- **Data extracts**:
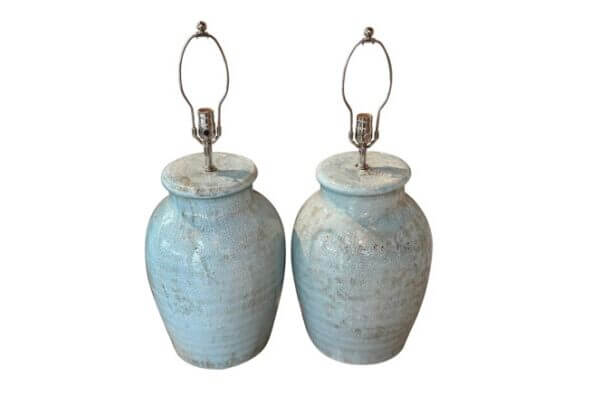 Vintage large pair of terra cotta glazed crackle porcelain finish in a beautiful soft light minty green color. No chips or breaks. These have been newly wired with clear cords, 3 way sockets, all new nickel hardware. Dimensions: 29 H to top of finial x 22.5 H to top of socket x 13 D.
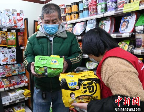 图为市民在一便利店选购食品。 中新社记者 翟羽佳 摄
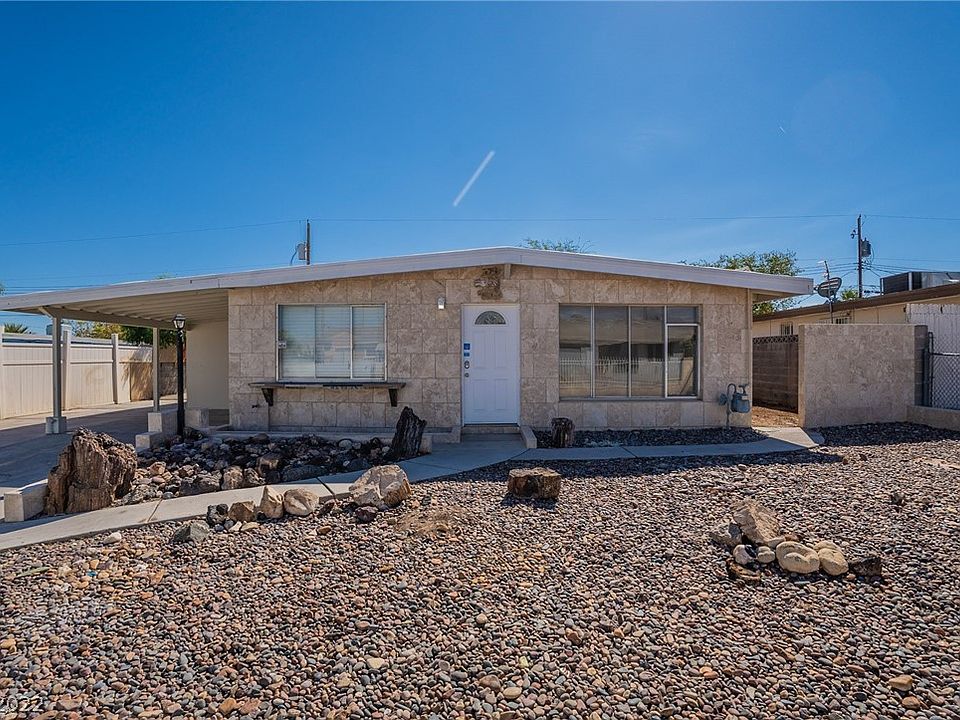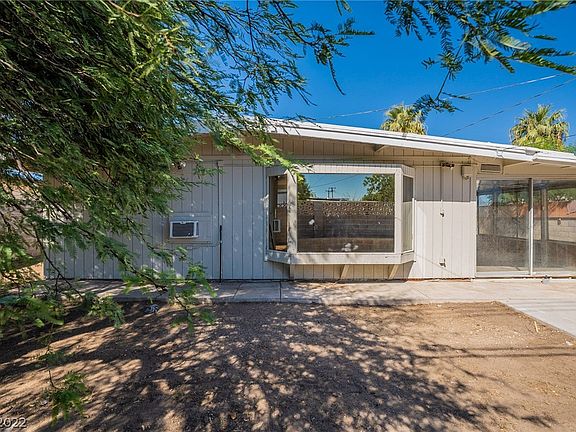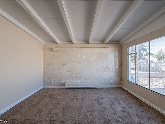 Darling single story close to Nellis Air Force Base, shopping and easy access to freeway. Extended driveway, with covered carport. New paint throughout. Mid century modern style exposed wood beams on ceiling. Sun room with bay window and fireplace. Great sized backyard with patio.
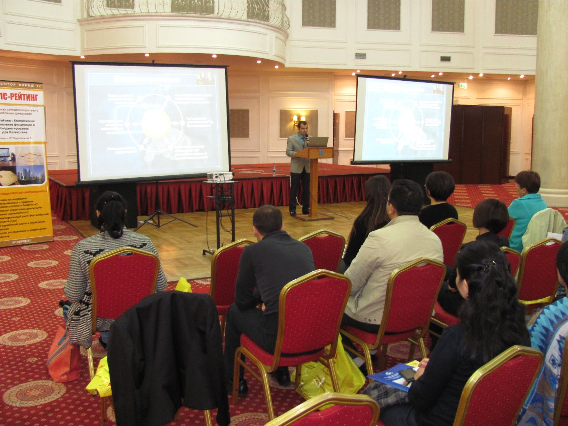 В городах Алматы и Атырау в сентябре 2013 года специалисты компании 1С-Рейтинг провели практическую конференцию «Инструменты управленческого учета и бюджетирования» для предприятий, заинтересованных в оперативном управлении финансовыми потоками и финансовом планировании. Формат мероприятия предполагал обзорную часть и наглядную демонстрацию функциональных возможностей программных продуктов линейки «1С-Рейтинг: Финансы и Бюджетирование». В практическую часть семинара вошли мастер-классы в режиме «1С:Предпяриятие 8» по настройке бюджетов и проведению план-фактного анализа, регистрации договоров с поставщиком и настройке графика платежей, автоматизации казначейских функций.
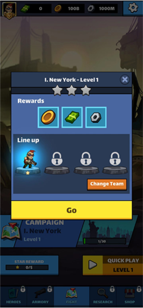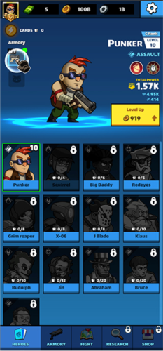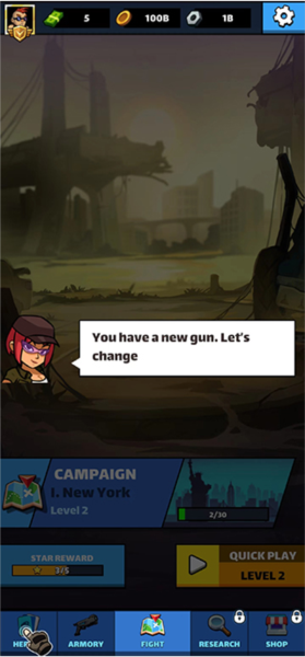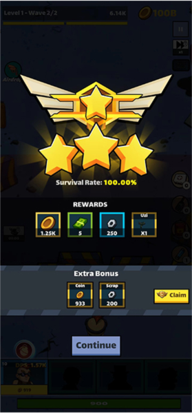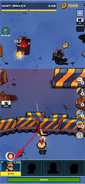 3、进入关卡后,战斗就开始了。你可以随时点击你的角色,消耗金币来提升武器的威力。如果遇到一大波僵尸处理不过来,别忘了使用屏幕下方的炸弹等道具,瞬间清场。
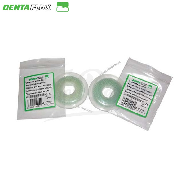Cadeneta Ortodoncia Dentaflux. Ligaduras en cadeneta para aplicaciones de ortodoncia. Separación: Estrecha o continua. Color: Transparente o Gris.
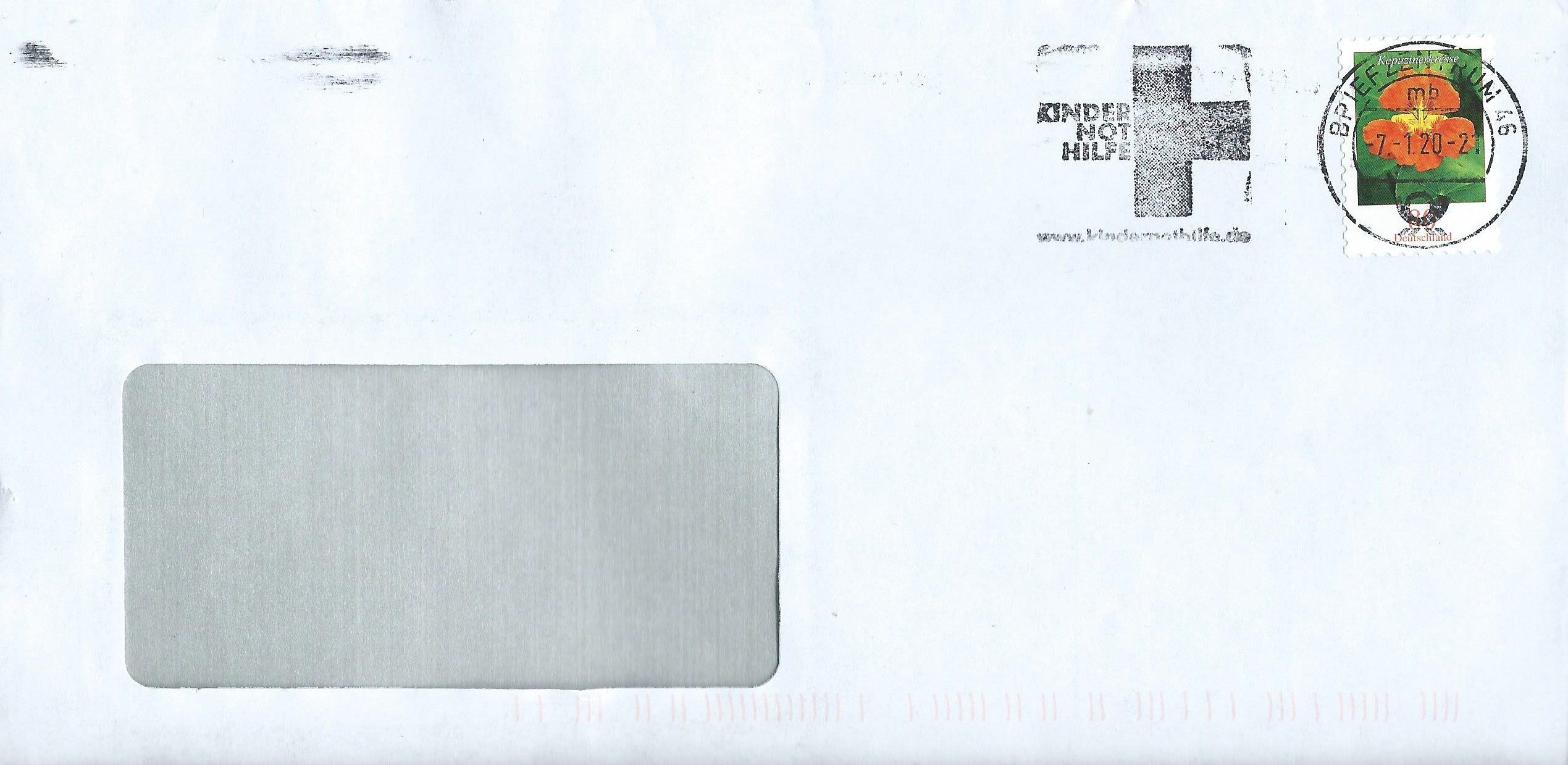 vom Briefzentrum 46 eine neue "Stempel"variante: Der Werbeeinsatz Kindernothilfe ist hier in einem rechteckigem Rahmen aufgedruckt worden. Der Tag lässt sich nicht mehr entziffern, er ist etwas verschmiert auf schwarzem Untergrund gelandet. Man kann nur noch X2.01.20-19 erkennen.

- **Task prompt**: Write out the listing above in full, word for word, with no pictures.

- **Output**:
 Vintage large pair of terra cotta glazed crackle porcelain finish in a beautiful soft light minty green color. No chips or breaks. These have been newly wired with clear cords, 3 way sockets, all new nickel hardware. Dimensions: 29 H to top of finial x 22.5 H to top of socket x 13 D.
 图为市民在一便利店选购食品。 中新社记者 翟羽佳 摄
 Darling single story close to Nellis Air Force Base, shopping and easy access to freeway. Extended driveway, with covered carport. New paint throughout. Mid century modern style exposed wood beams on ceiling. Sun room with bay window and fireplace. Great sized backyard with patio.
 В городах Алматы и Атырау в сентябре 2013 года специалисты компании 1С-Рейтинг провели практическую конференцию «Инструменты управленческого учета и бюджетирования» для предприятий, заинтересованных в оперативном управлении финансовыми потоками и финансовом планировании. Формат мероприятия предполагал обзорную часть и наглядную демонстрацию функциональных возможностей программных продуктов линейки «1С-Рейтинг: Финансы и Бюджетирование». В практическую часть семинара вошли мастер-классы в режиме «1С:Предпяриятие 8» по настройке бюджетов и проведению план-фактного анализа, регистрации договоров с поставщиком и настройке графика платежей, автоматизации казначейских функций.
 3、进入关卡后,战斗就开始了。你可以随时点击你的角色,消耗金币来提升武器的威力。如果遇到一大波僵尸处理不过来,别忘了使用屏幕下方的炸弹等道具,瞬间清场。
Cadeneta Ortodoncia Dentaflux. Ligaduras en cadeneta para aplicaciones de ortodoncia. Separación: Estrecha o continua. Color: Transparente o Gris.
 vom Briefzentrum 46 eine neue "Stempel"variante: Der Werbeeinsatz Kindernothilfe ist hier in einem rechteckigem Rahmen aufgedruckt worden. Der Tag lässt sich nicht mehr entziffern, er ist etwas verschmiert auf schwarzem Untergrund gelandet. Man kann nur noch X2.01.20-19 erkennen.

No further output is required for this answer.